● RECORDS FOR THIS TASK
-- -- --
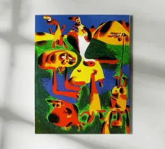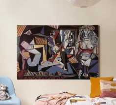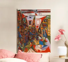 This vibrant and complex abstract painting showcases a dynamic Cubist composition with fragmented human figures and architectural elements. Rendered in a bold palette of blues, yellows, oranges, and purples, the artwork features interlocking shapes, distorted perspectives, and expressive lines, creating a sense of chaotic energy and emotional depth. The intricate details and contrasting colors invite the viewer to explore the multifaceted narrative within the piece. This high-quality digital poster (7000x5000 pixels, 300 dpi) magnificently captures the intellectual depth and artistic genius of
-- -- --
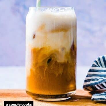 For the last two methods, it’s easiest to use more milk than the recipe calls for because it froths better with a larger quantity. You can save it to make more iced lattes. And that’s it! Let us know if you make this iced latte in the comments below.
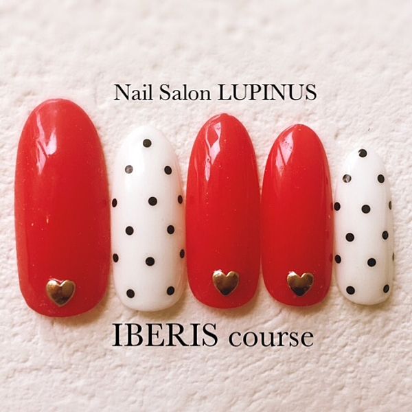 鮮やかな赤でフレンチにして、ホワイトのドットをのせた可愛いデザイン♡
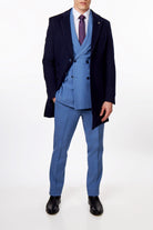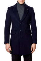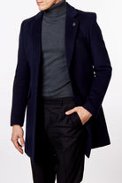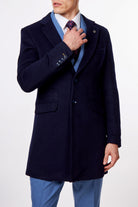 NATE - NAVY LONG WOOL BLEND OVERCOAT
-- -- --
● REQUIRED ACTION
Your reply should hold nothing but the lines above, from the one containing "For the last" to the one containing "NATE - NAVY LONG WOOL BLEND OVERCOAT", reproduced exactly minus the pictures.

● ANSWER TO THE PROBLEM
 For the last two methods, it’s easiest to use more milk than the recipe calls for because it froths better with a larger quantity. You can save it to make more iced lattes. And that’s it! Let us know if you make this iced latte in the comments below.
 鮮やかな赤でフレンチにして、ホワイトのドットをのせた可愛いデザイン♡
 NATE - NAVY LONG WOOL BLEND OVERCOAT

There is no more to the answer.